EXERCISE GOAL -> Write out the lines below exactly, beginning at the one with "In 2008, Dao's" and stopping after the one with "Lamp MastersBelir wall"; the pictures are not copied.

EXTRACTED RECORDS ->

Segment Open

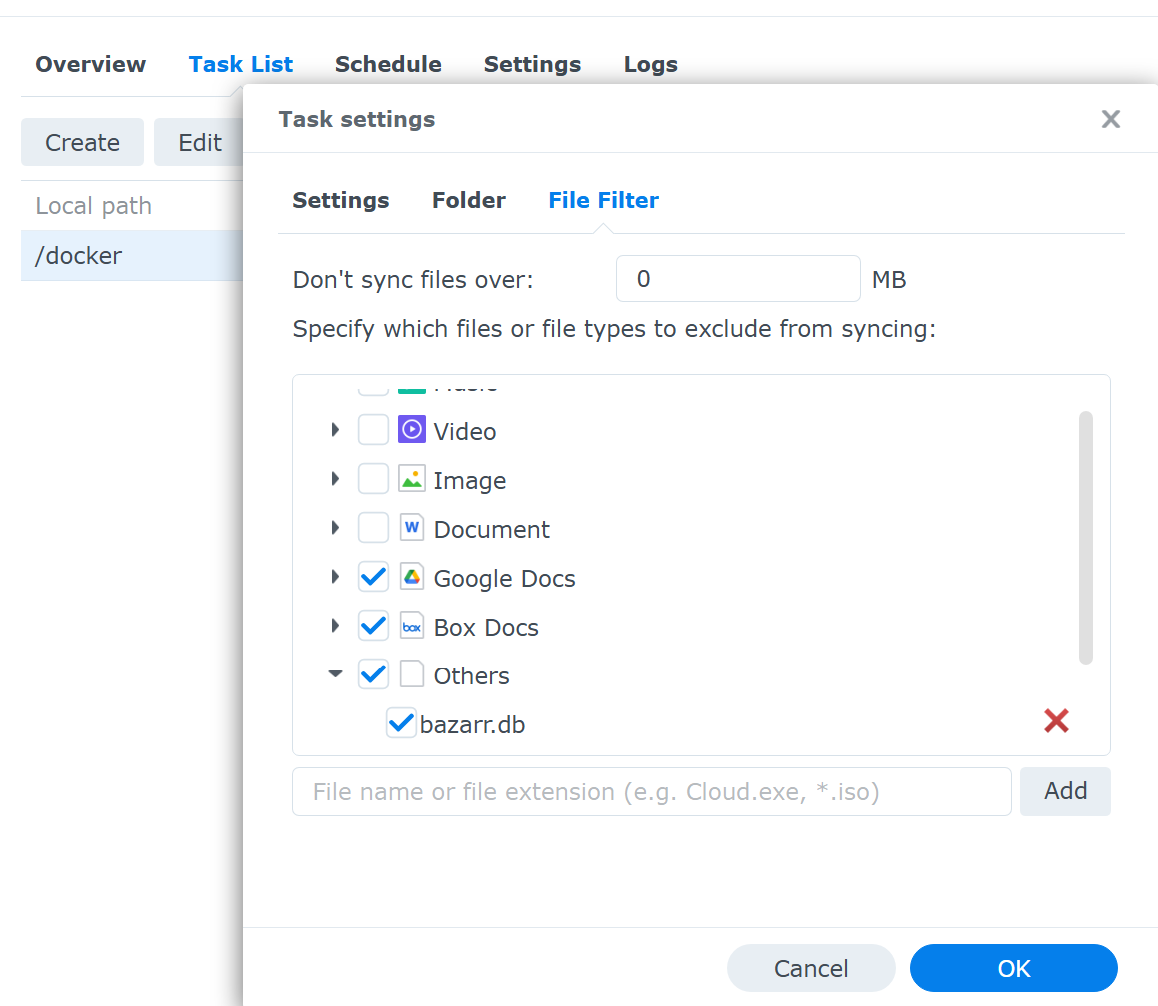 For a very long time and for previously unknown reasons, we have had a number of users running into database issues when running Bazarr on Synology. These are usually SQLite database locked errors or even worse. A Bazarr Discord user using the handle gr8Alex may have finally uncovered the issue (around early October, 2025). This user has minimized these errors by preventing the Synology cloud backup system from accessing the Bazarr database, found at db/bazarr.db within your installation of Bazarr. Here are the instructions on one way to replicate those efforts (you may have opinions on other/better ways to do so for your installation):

Segment Closed
Segment Open

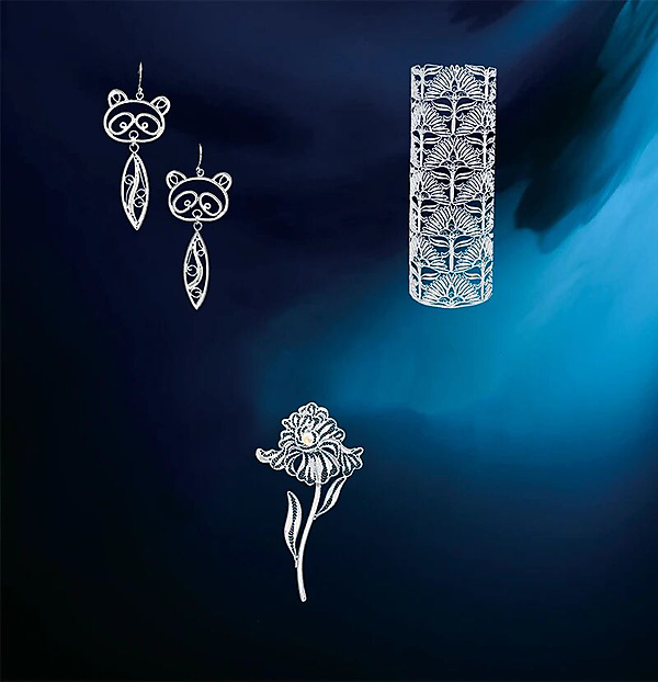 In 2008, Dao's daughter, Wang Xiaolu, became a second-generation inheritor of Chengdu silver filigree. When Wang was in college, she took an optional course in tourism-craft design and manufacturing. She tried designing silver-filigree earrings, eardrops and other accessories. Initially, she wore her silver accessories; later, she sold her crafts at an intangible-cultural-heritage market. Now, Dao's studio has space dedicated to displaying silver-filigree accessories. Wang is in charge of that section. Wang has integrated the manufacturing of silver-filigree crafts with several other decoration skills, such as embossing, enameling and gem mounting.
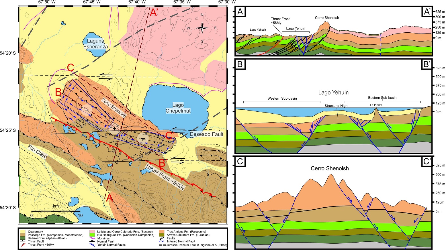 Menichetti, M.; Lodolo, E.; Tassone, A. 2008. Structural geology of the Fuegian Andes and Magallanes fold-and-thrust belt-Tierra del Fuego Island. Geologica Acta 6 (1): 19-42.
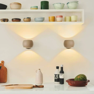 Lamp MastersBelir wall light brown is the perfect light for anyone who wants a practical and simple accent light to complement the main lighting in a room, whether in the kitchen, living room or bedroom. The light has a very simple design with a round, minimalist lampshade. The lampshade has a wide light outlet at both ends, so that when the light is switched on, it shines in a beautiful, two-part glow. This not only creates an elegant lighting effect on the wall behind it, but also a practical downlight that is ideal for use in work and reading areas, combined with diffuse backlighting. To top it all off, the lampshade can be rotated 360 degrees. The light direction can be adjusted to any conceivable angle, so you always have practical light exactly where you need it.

Segment Closed

YOUR SOLUTION ->
 In 2008, Dao's daughter, Wang Xiaolu, became a second-generation inheritor of Chengdu silver filigree. When Wang was in college, she took an optional course in tourism-craft design and manufacturing. She tried designing silver-filigree earrings, eardrops and other accessories. Initially, she wore her silver accessories; later, she sold her crafts at an intangible-cultural-heritage market. Now, Dao's studio has space dedicated to displaying silver-filigree accessories. Wang is in charge of that section. Wang has integrated the manufacturing of silver-filigree crafts with several other decoration skills, such as embossing, enameling and gem mounting.
 Menichetti, M.; Lodolo, E.; Tassone, A. 2008. Structural geology of the Fuegian Andes and Magallanes fold-and-thrust belt-Tierra del Fuego Island. Geologica Acta 6 (1): 19-42.
 Lamp MastersBelir wall light brown is the perfect light for anyone who wants a practical and simple accent light to complement the main lighting in a room, whether in the kitchen, living room or bedroom. The light has a very simple design with a round, minimalist lampshade. The lampshade has a wide light outlet at both ends, so that when the light is switched on, it shines in a beautiful, two-part glow. This not only creates an elegant lighting effect on the wall behind it, but also a practical downlight that is ideal for use in work and reading areas, combined with diffuse backlighting. To top it all off, the lampshade can be rotated 360 degrees. The light direction can be adjusted to any conceivable angle, so you always have practical light exactly where you need it.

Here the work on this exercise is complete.